Dismisses the Glycemic Index
While the proper proportion of carbohydrates in the diet is a matter of dispute, I'm not the one to fault the Complete Guide for its dietary recommendations. What is less easy for me to accept is its apparent dismissal of two decades of research on the glycemic index. The statement on page 235 that "all carbohydrates will raise your blood glucose levels equally fast" does seem to do that. Still, the glycemic index is actually about how much different carbohyrates affect blood glucose rather than how fast they do it.

No book about diabetes that deals with diet can fail to upset someone. But for all its encyclopedic content, the Complete Guide is remarkably well written and presented. When I looked on the cataloging-in-publication page and saw Nancy Touchette, Ph.D., listed as the book's writer, I began to understand why.

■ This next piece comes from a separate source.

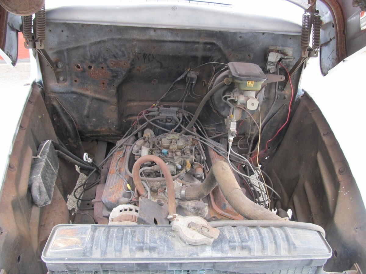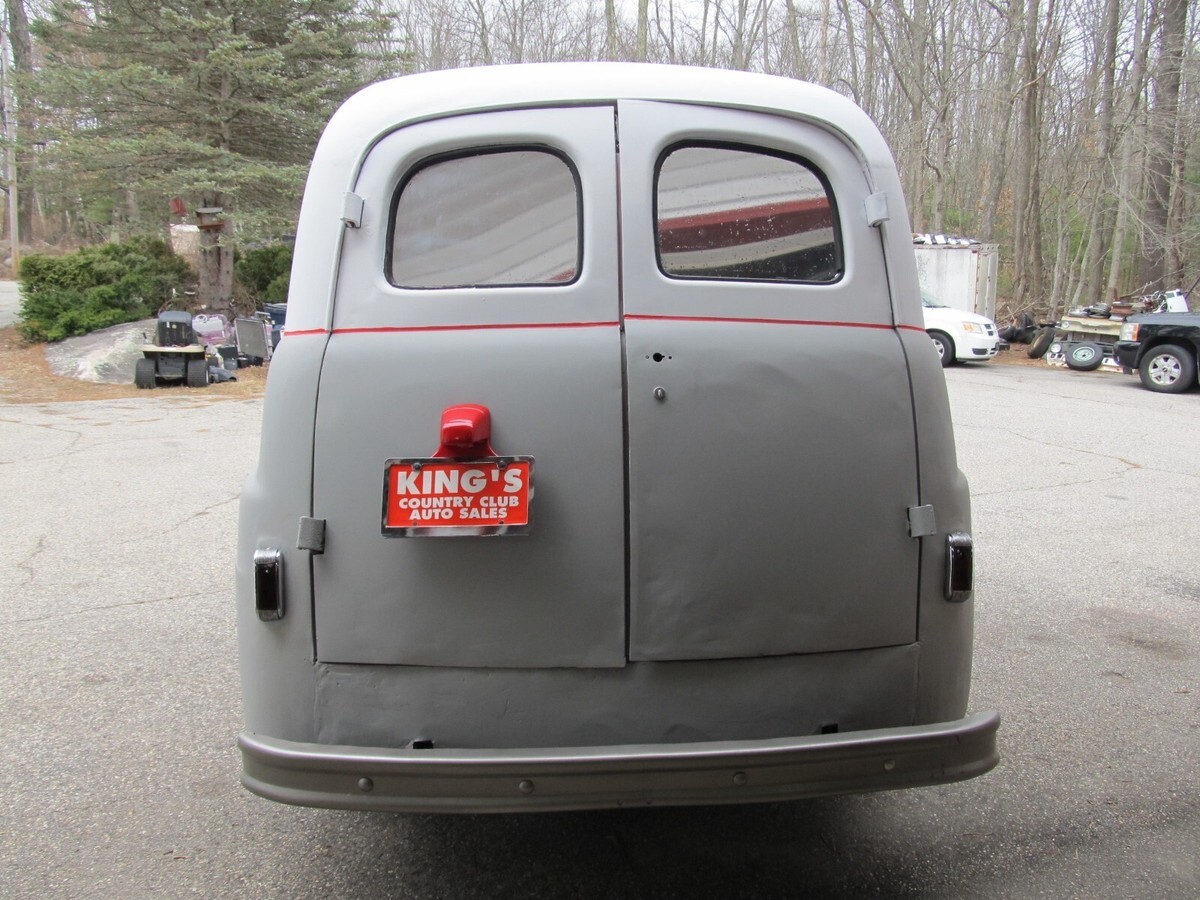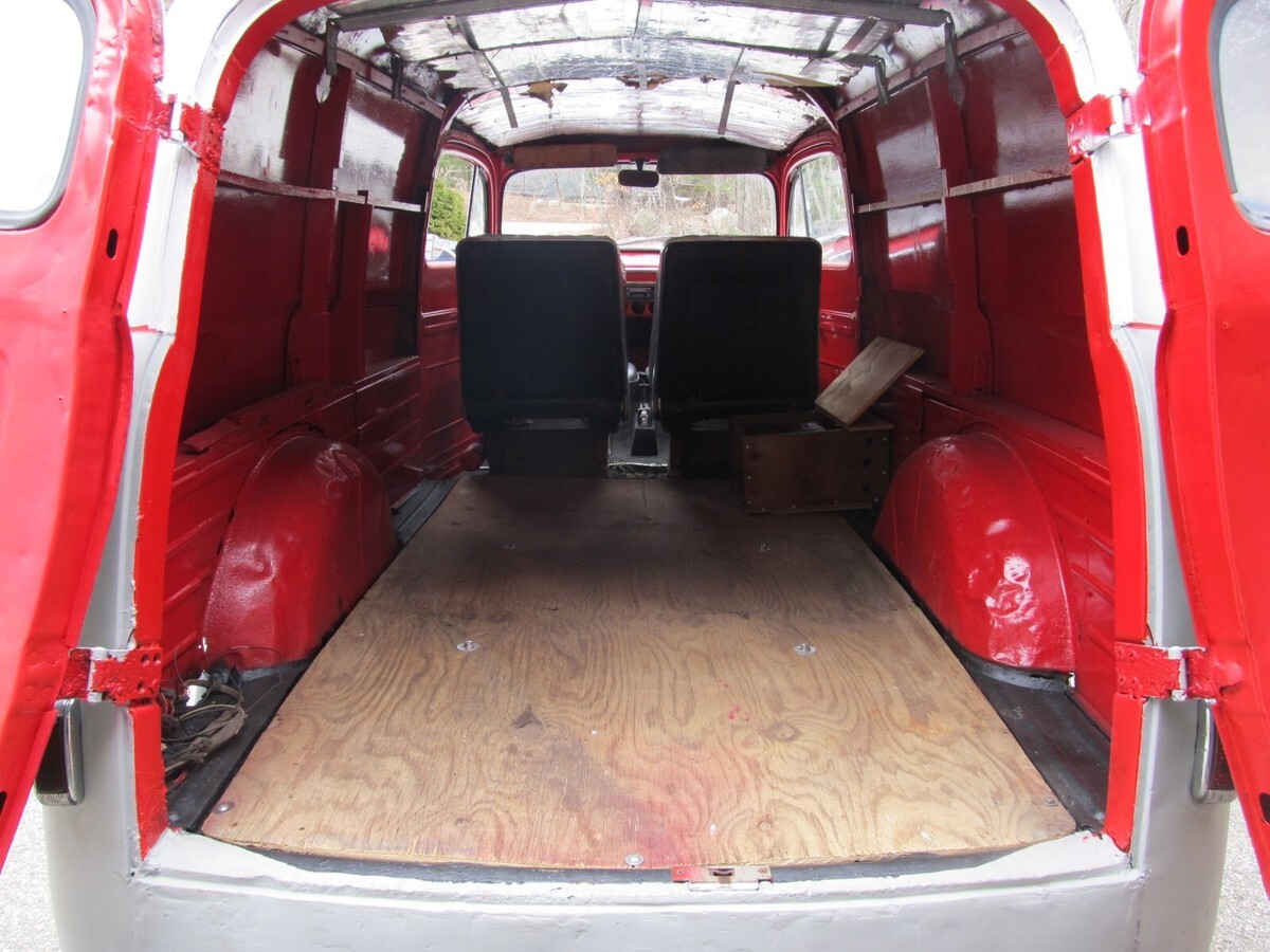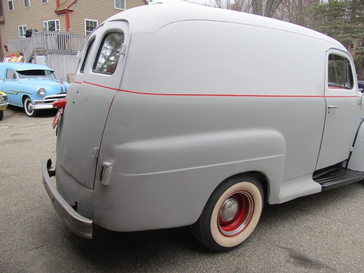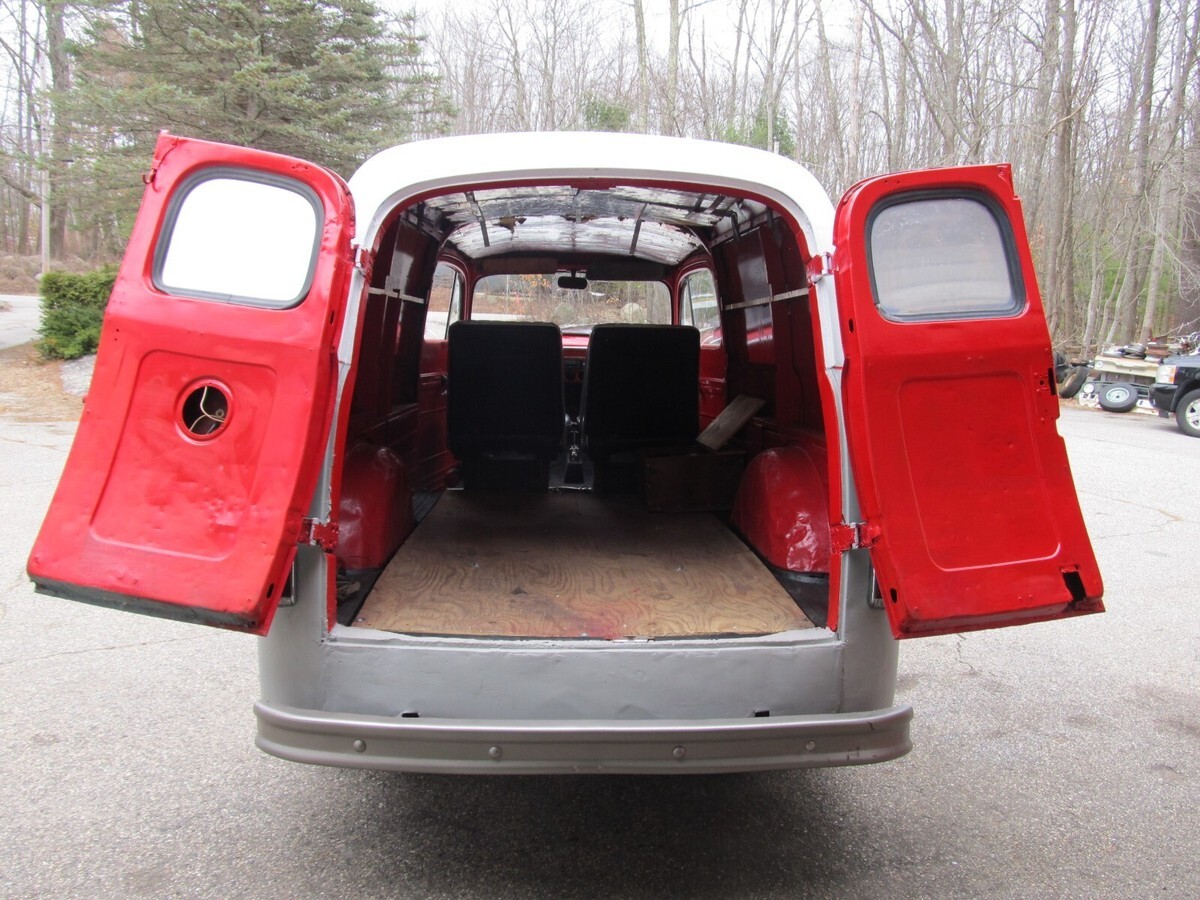 This auction is for a 1951 Ford F1 Half Ton Panel Van. Recently out of lengthy storage. When we acquired it the vehicle had been painted a dark blue and it was peeling and chipping everywhere. We stripped the vehicle down to bare metal, primed it completely and then painted the top section flat white. Inside was several different colors so we stripped that also and put it back to the red that it was. Cleaned up some of the prior body work that was done just to make it more presentable. Back doors still have some dents and will need attention. Inner wheel tubs are all intact but should be stiffened up. We cleaned up the back frame section which is good and solid and under coated it. Bolted in a piece of heavy duty ply wood for the back floor. Has a mid 80s 305 V-8 4BBL with Automatic Transmission, Dual Exhaust. We did get it fired up and seems to run fine but carburetor needs cleaning or replacement. Brakes will need to be gone through. We got the right side front to bleed and hold if your going slow. Glass in drivers door is cracked and will need replacement. Just a cool rig to make a rat rod or fleamarket vehicle. A blank canvas for whatever way you want to go. We do have the front bumper. It has a crack on the right side that needs to be welded and then paint it. Overall a real cool project if you put the time and effort into it. Very reasonable reserve. We have a Maine Registration and proper dealer transfer paperwork should you need a title in your state. We require $500 non refundable deposit at end of auction and prefer bankwire transfer or cash in person 3 days after auctions end. any questions or concerns feel free to call us at 1-207-432-2862. We are easy to deal with.

The author of the comprehensive Diabetes Problem Solver (American Diabetes Association, 1999) and the first edition of the Complete Guide, Nancy has been writing about diabetes for a long time. It was, in fact, four years ago that she hired me to write a series of articles for a short-lived ADA magazine called The Diabetes Insider as I was segueing from writing about business and computers to specializing in diabetes. That assignment was what led to my "About the Internet" column, www.diabetes.org/mendosa, which I wrote for more than five years on the ADA Web site.

I offer this information in terms of full disclosure of my relationship with the author and the ADA. Still, I have to think that just about any objective observer would have to arrive at the same conclusion about the Complete Guide —that, when it's not on your lap, it belongs on your bookshelf. 


This article appeared originally on the DiabetesWebSite.com, which is no longer on-line.